Катерина тут же призвала к ответу Василиса.

— Зачем мне красть подушки? — спокойно сказал «астроном». — Мне нужно только немного ракии. Маргарита дает мне на это.

— Она дает тебе деньги?

— Конечно, — гордо ответил он. — Хорошая девочка.

— Хорошая... А где она берет?

— Не знаю. Наверно, ей дает кто-то...

Тогда Катерина тайно стала обыскивать дом. Сначала она обследовала комнату Антигоны. Ничего. Затем комнату Периклиса. Опять ничего. Пересмотрела еще раз сундук Фотини — может быть, она ошиблась? Нет. Дважды перевернула все в комнате Василиса — и там нет.

— Здесь, здесь в доме, я тебе говорю! — настаивал Стефанос.

Тогда она вспомнила о люке, ведущем на чердак, откуда рабочие вылезали на крышу. Катерина взяла лестницу и полезла на чердак. Она чуть не убилась, вся исцарапалась, но ничего не нашла — пришлось только прятать израненные руки, чтобы никто ни о чем не догадывался. Каждый день, с утра до вечера, она обходила все комнаты, заглядывала под кровати, рылась в постелях, под лестницами и в чуланах, где были сложены одеяла и старая одежда, перерывала весь дом.

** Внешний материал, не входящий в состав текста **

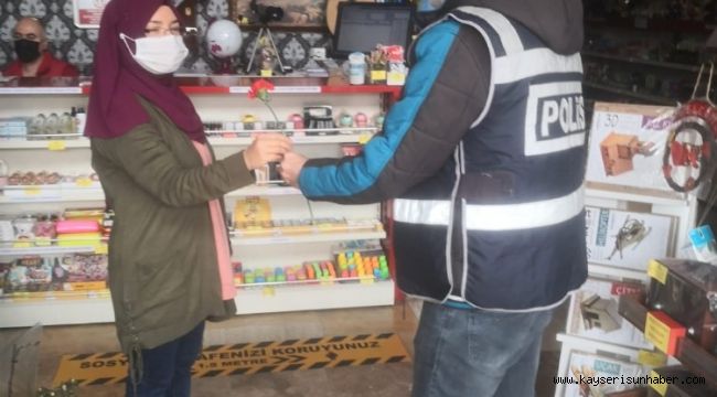 Kayseri'de polis ekipleri, 8 Mart Dünya Kadınlar Günü dolayısıyla kadınların gününü kutlayarak, karanfil hediye etti.
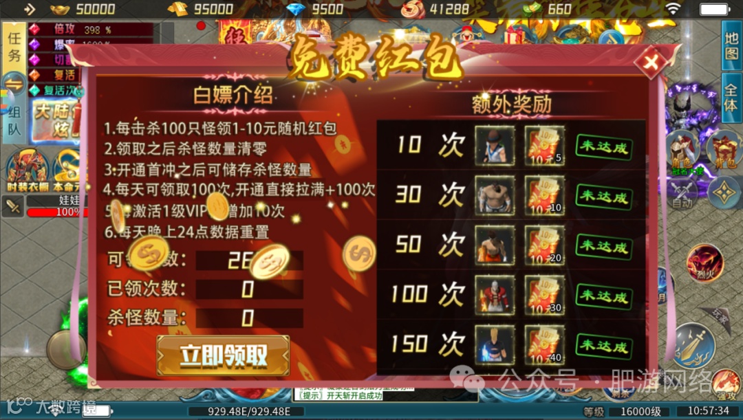 礼包内容:1000红包、100%爆率、一亿切割、张辽的化身时装、至尊金蟾王坐骑、你们过来呀称号
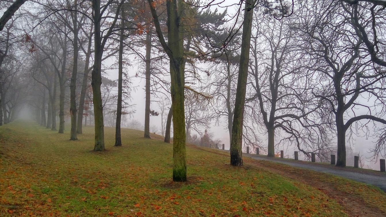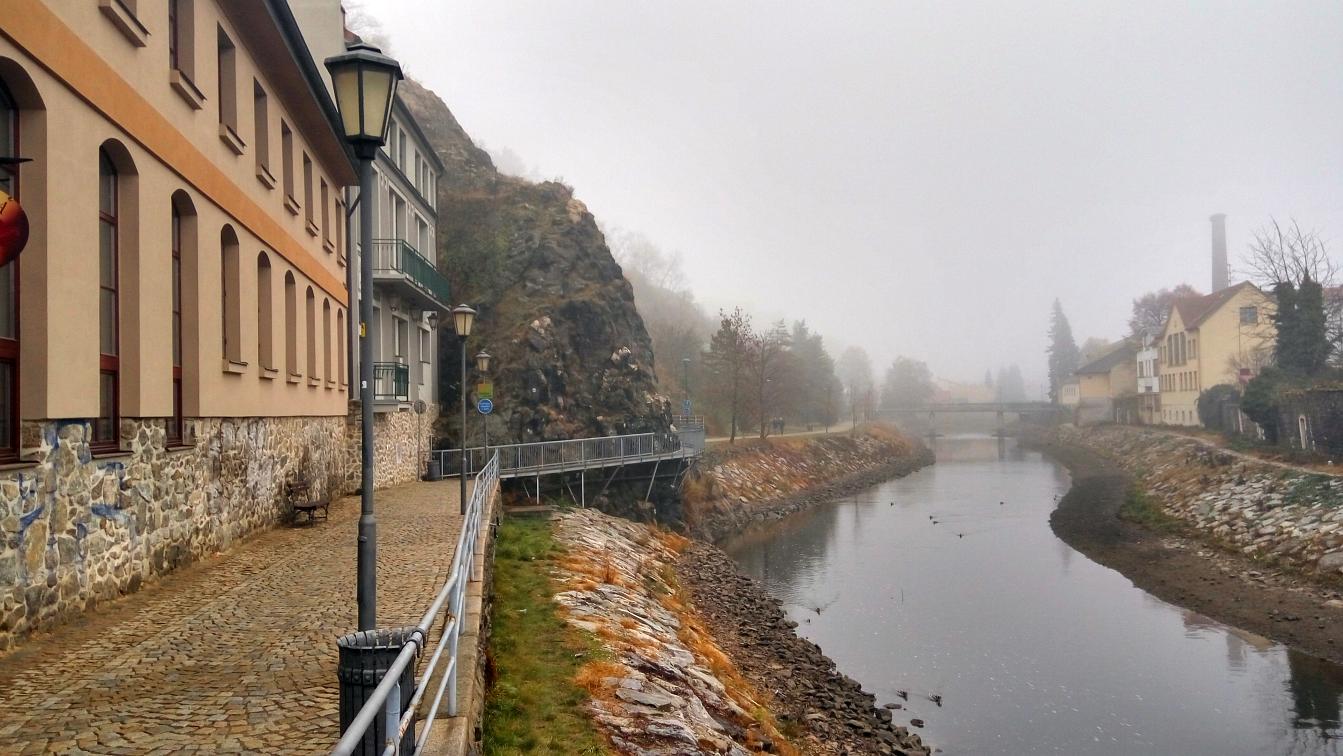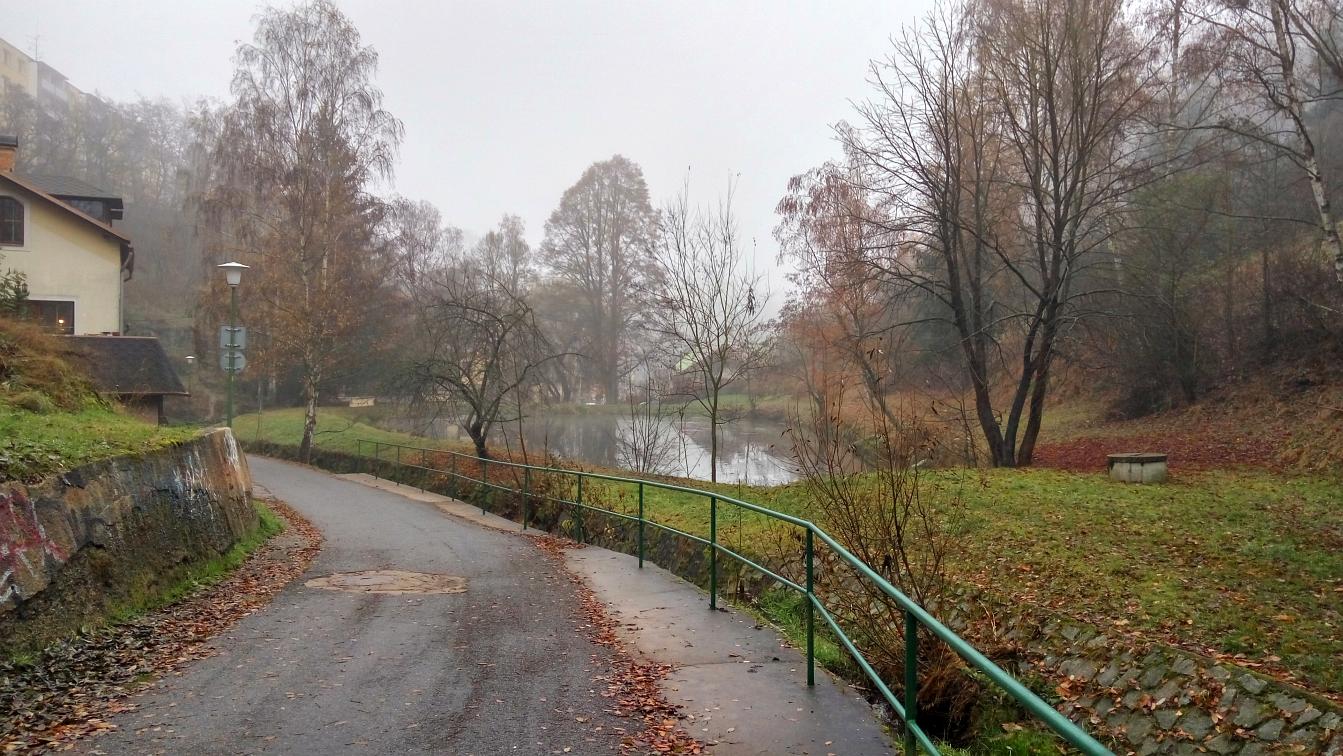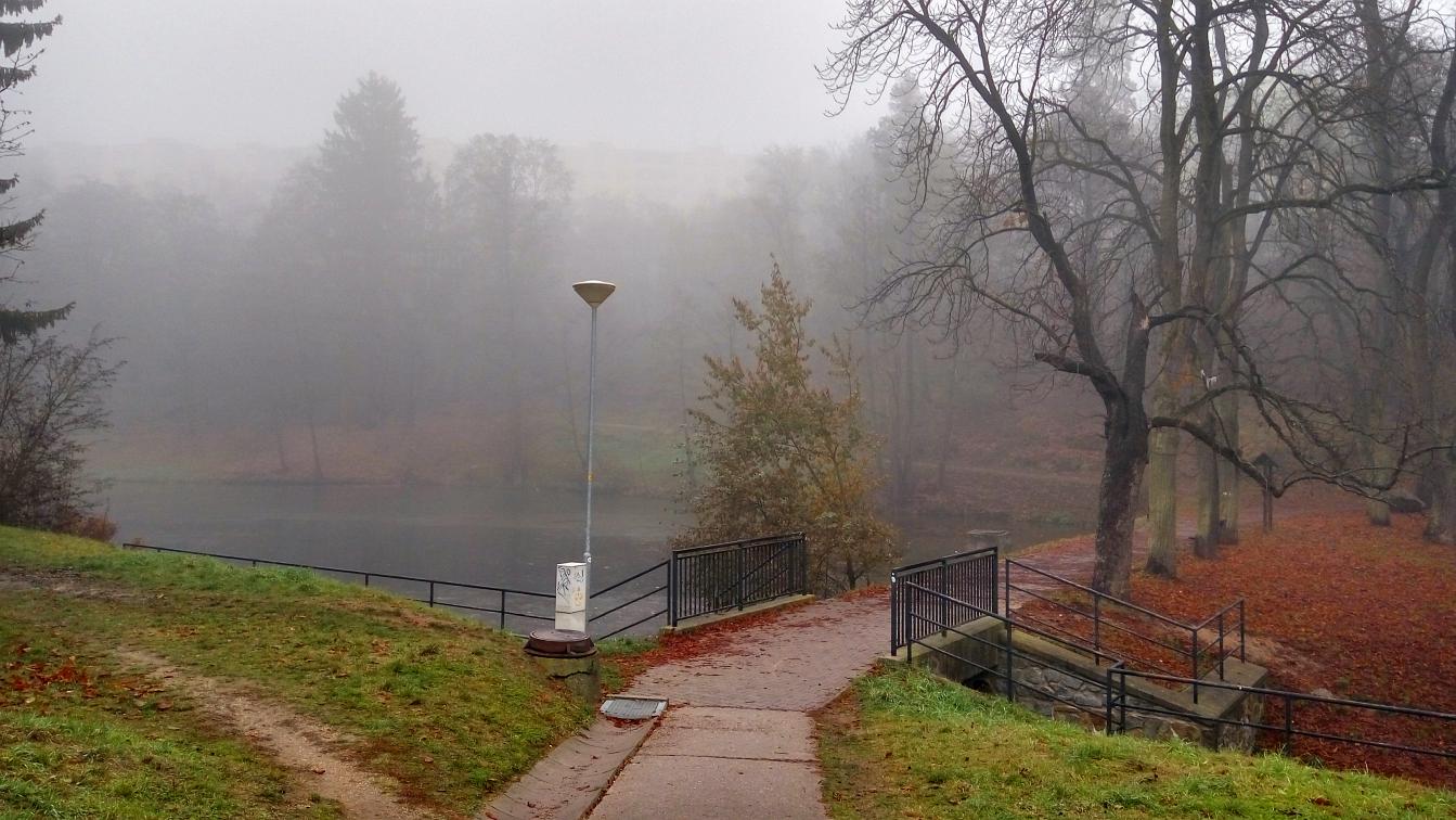 Den boje za svobodu a demokracii, 17. listopad, volný den. Dopoledne vracíme kamarádku, co si přijela do Brna připomenout studentské časy do Velkého Meziříčí. Původní plán byl projít se přímo u Mezříče Balinským údolím, ale sychravá mlha nám tento plán kazí. Volba tedy padá na blízkou Třebíč. Takže volně na slova Wabiho Daňka: Jedem si to ku Třebíči, počasí je prostě špatný...

Когда однажды она наткнулась в подвале на ящик с гектографом, то пришла в замешательство. Такой вещи она никогда не видела и не знала, что это такое. Она была уверена только в одном — раньше этой вещи в доме не было. Чье же это? А бутылка? Открыв одну из них, она испачкала руки краской.

— Странно!..

Катерина развязала пакеты. Чистая бумага. А это что? В руках она держала восковку. Маргарита получила ее накануне и ночью должна была печатать. В подвале было темно. Катерина взяла восковку, аккуратно положила все остальное на прежнее место и поднялась наверх. Она заперлась в своей комнате, надела очки и стала читать. С первых же фраз все стало ясно: хвалят союзников, ругают немцев. Она остановилась, стараясь понять, как это могло к ним попасть, и не находила ответа. Вдруг ее как будто осенило. «Не знаю... Наверно, ей дает кто-то...» Дает?.. Это Периклис.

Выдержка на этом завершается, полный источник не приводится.